Other recommendations

The Committee also recommended that ICSs be required to facilitate staff access to wellbeing support, with the system being accountable for the take-up of those services.

Mental health support should be maintained for staff even as the sector returns to ‘business as usual’ after the pandemic, it said.

It added that the workforce burnout emergency will not be solved without a ‘total overhaul of the way the NHS does workforce planning’ and suggested that Health Education England publish independent workforce projections – shaped by anticipated demand for services and covering five, 10 and 20 year assessments.

‘Bitter irony’

Suzie Bailey, director of leadership and organisational development at The King’s Fund, said the Committee’s report was a ‘stark depiction’ of the excessive workloads facing staff across the NHS and social care.

‘It is a bitter irony that so many health and care staff are made ill because of their work,’ she said.

‘It is particularly shocking that ethnic minority staff report worse experiences of working in the health and care system.

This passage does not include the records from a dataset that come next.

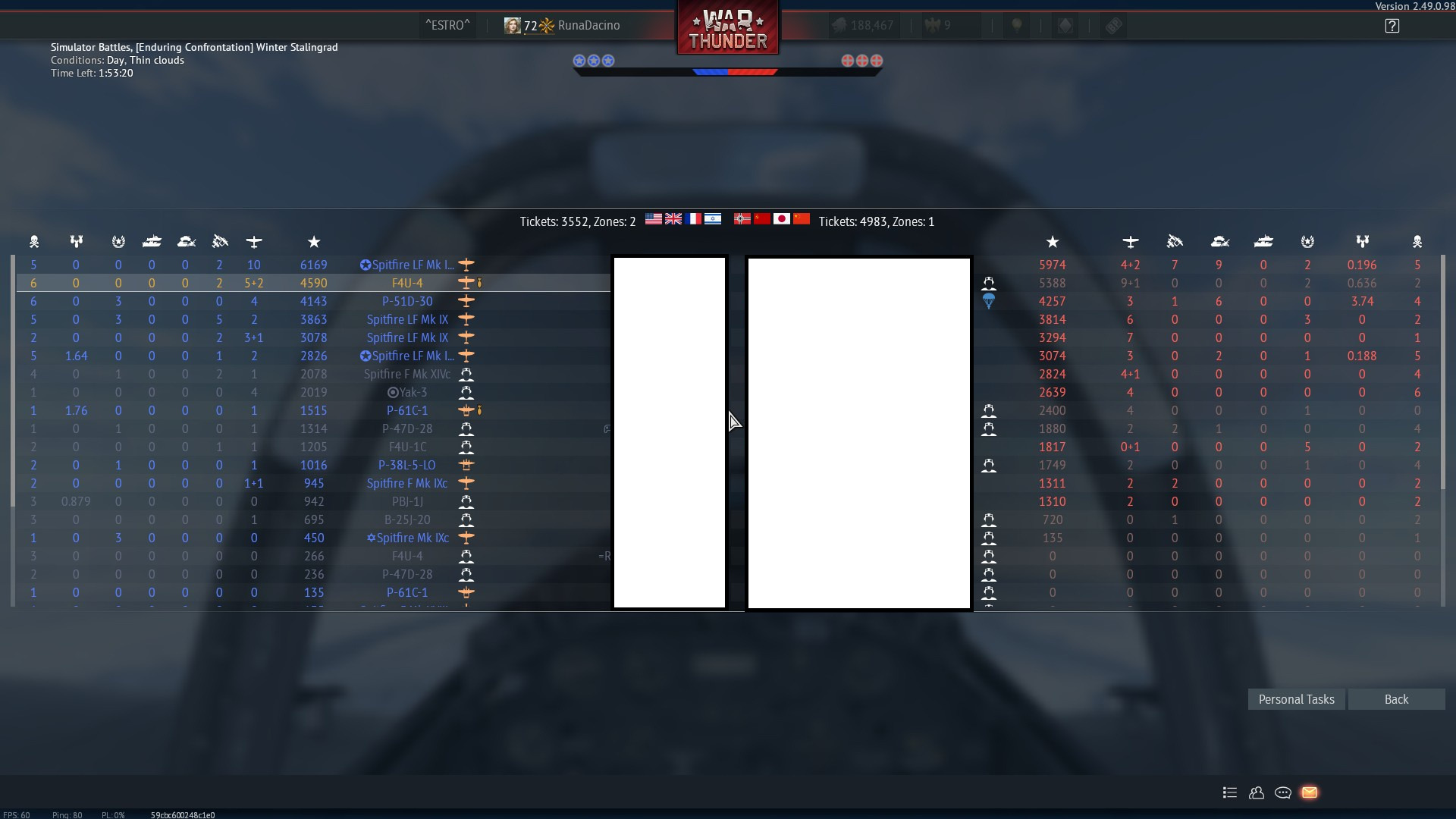Back on the spawn menu now, the Spitfire is on cooldown, BUT, I can still spawn it immediately for 30.000, which I won’t because the price seems too steep, so I spawn the Tempest for 7200SL and go about shooting down planes, but I crash when landing.
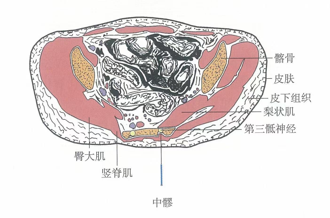 【解剖】皮膚→皮下組織→臀大肌→豎脊肌。淺層布有臀中皮神經。深層有第3骶神經和骶外側動、靜脈的后支。
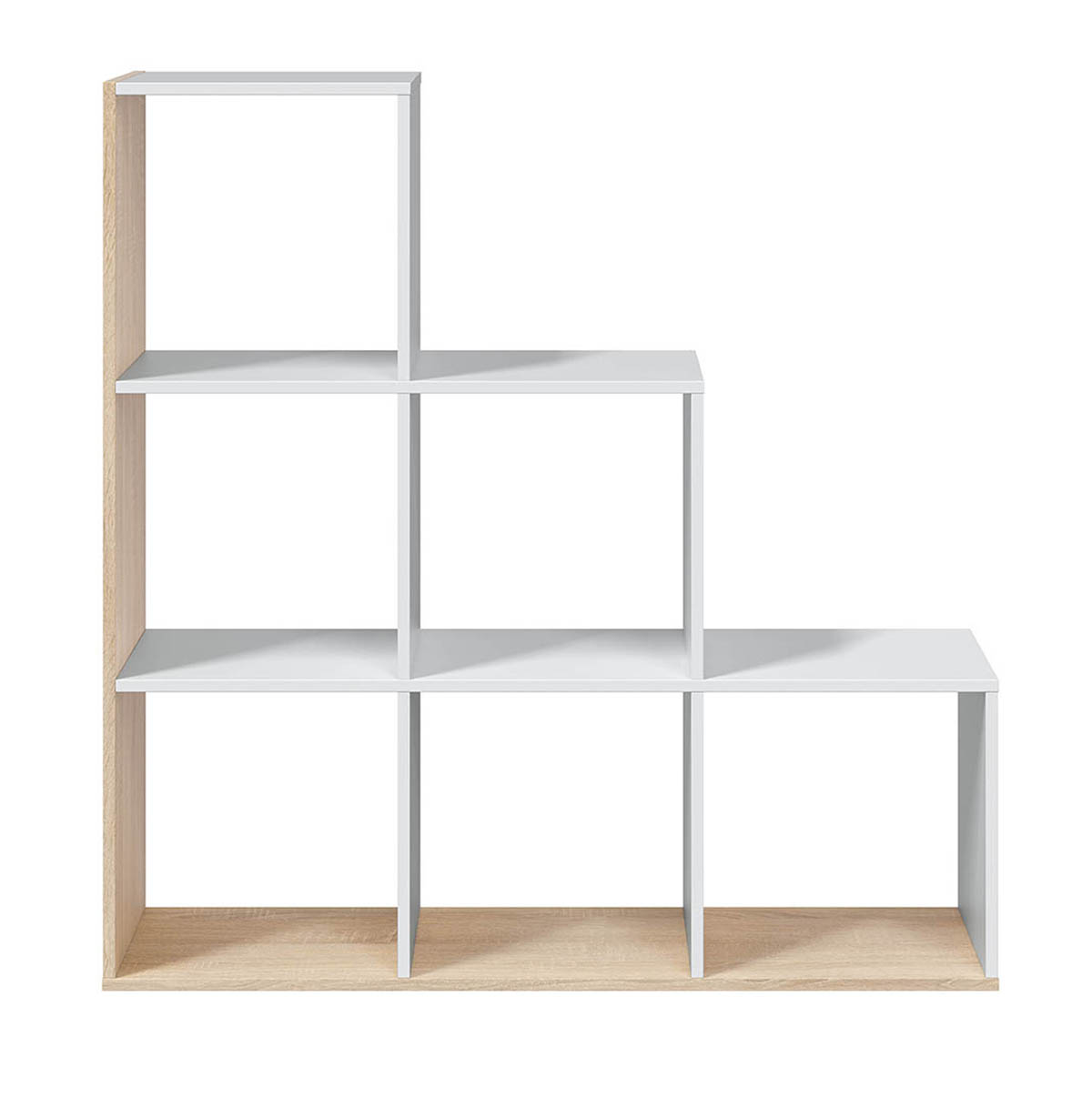 Cette bibliothèque en escalier est parfaite pour y placer des objets de décorations, livres, CD ou DVD. Avec ses couleurs blanche et chêne, elle est à la fois discrète et imposante. Fabriqué en panneau aggloméré haute densité avec finition mélamine de qualité (matériau ayant une surface non poreuse et très résistante). Elle est composée de 6 compartiments et de 3 plateaux. Elle peut être installée dans n’importe quelle pièce ; un salon, une entrée, une chambre. Dimensions : Hauteur 110 x Longueur 108 x Profondeur 28 cm. Coloris : chêne candien / blanc artic. Poids : 20 kg. Produit de fabrication Espagnol certifié PEFC.

In the latest NHS staff survey, 17% of black and minority ethnic staff reported experiencing discrimination at the hands of their own colleagues. Sustained and concerted efforts are needed to rid health and care services of this systemic discrimination.’

Ms Bailey added that the pandemic has left many staff ‘physically and emotionally drained’, but that staff burnout in the health and care sector has been present ‘for many years’.

‘Despite this, successive governments have seen health and care workforce pressures as a problem for tomorrow,’ she said.